• **Data to examine**
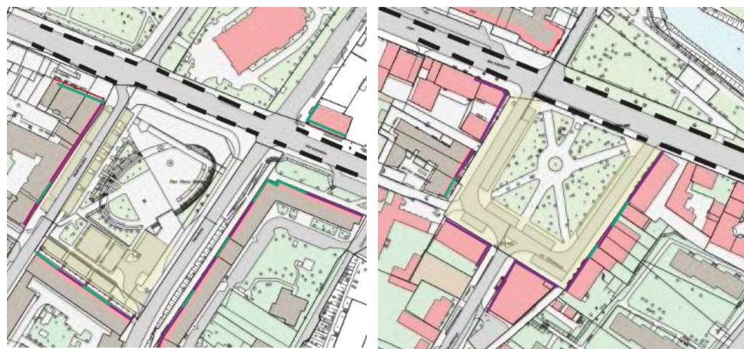
Fig.8 Old Market Square and Kilińskiego Square, Functional inventory of the oldest part of the city, with marked active and passive facades.

Ryc.8. Zagospodarowanie Starego rynku (a) i Placu Kilińskiego (b)- bierne i aktywne fasady.
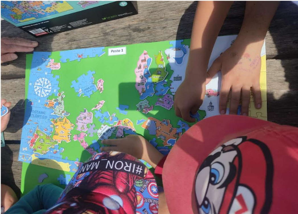
Foto 1- Puzzle da Europa
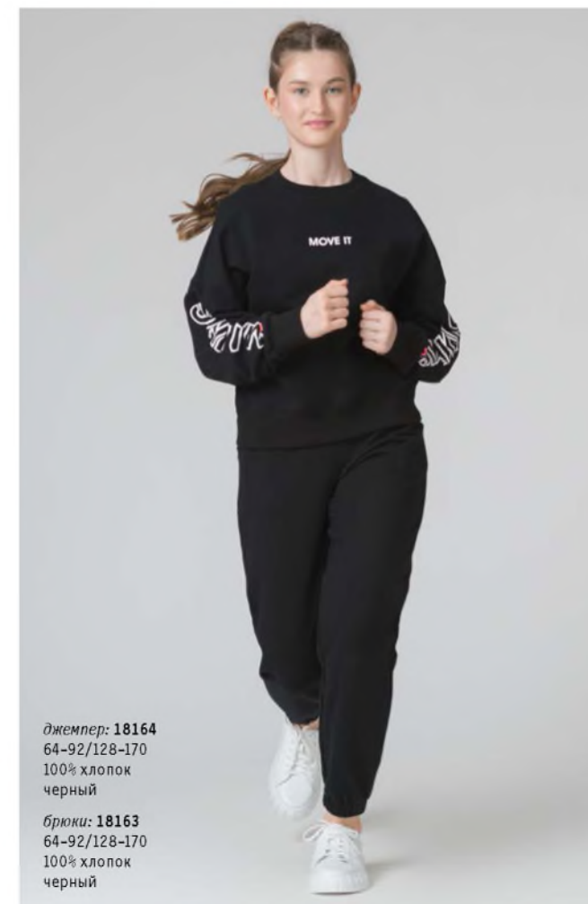
Джемпер: 18164 64-92/128-170 100% хлопок черный Брюки: 18163 64-92/128-170 100% хлопок черный
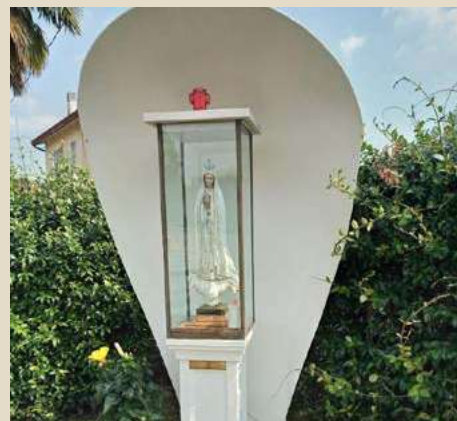
MADONNA DI FATIMA STRADA DEI VEGRI
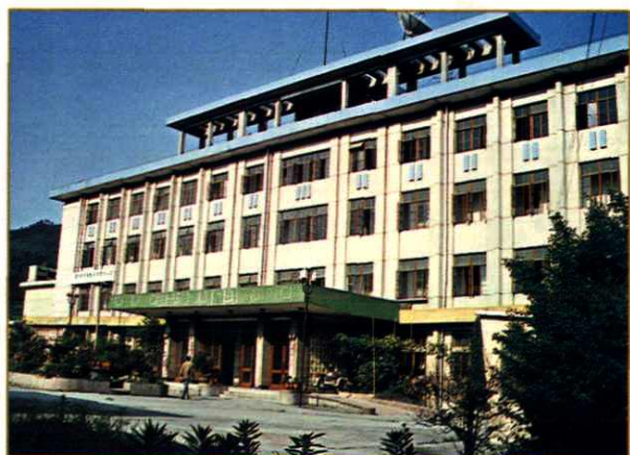
都匀毛纺织厂综合办公大楼
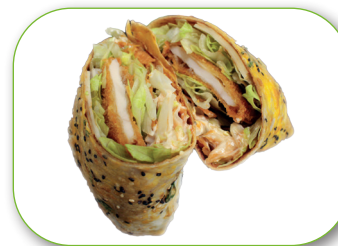
C1 Chinesischer Wrap
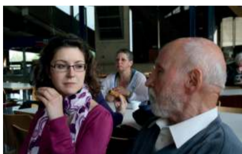
Week-end de formation portant sur la thématique de la fracture entre flamands et wallons, 2011.
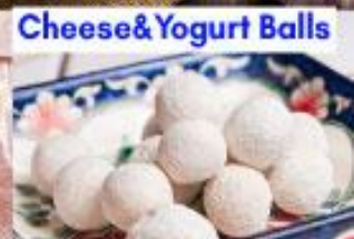
Cheese & Yogurt Balls
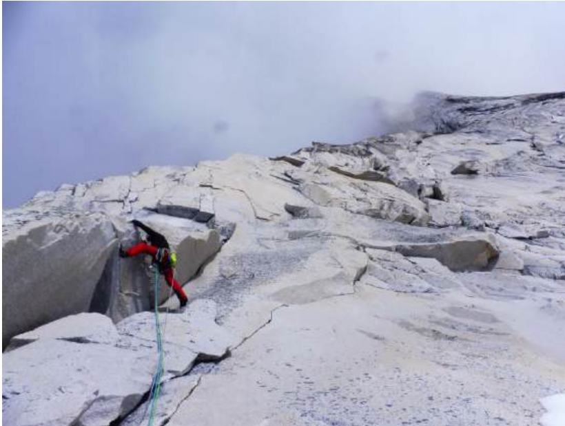
Chemari en la ruta alemana

• **Required action**
Print the listing exactly, pictures excluded.

• **The completed task**
Fig.8 Old Market Square and Kilińskiego Square, Functional inventory of the oldest part of the city, with marked active and passive facades.

Ryc.8. Zagospodarowanie Starego rynku (a) i Placu Kilińskiego (b)- bierne i aktywne fasady.
Foto 1- Puzzle da Europa
Джемпер: 18164 64-92/128-170 100% хлопок черный Брюки: 18163 64-92/128-170 100% хлопок черный
MADONNA DI FATIMA STRADA DEI VEGRI
都匀毛纺织厂综合办公大楼
C1 Chinesischer Wrap
Week-end de formation portant sur la thématique de la fracture entre flamands et wallons, 2011.
Cheese & Yogurt Balls
Chemari en la ruta alemana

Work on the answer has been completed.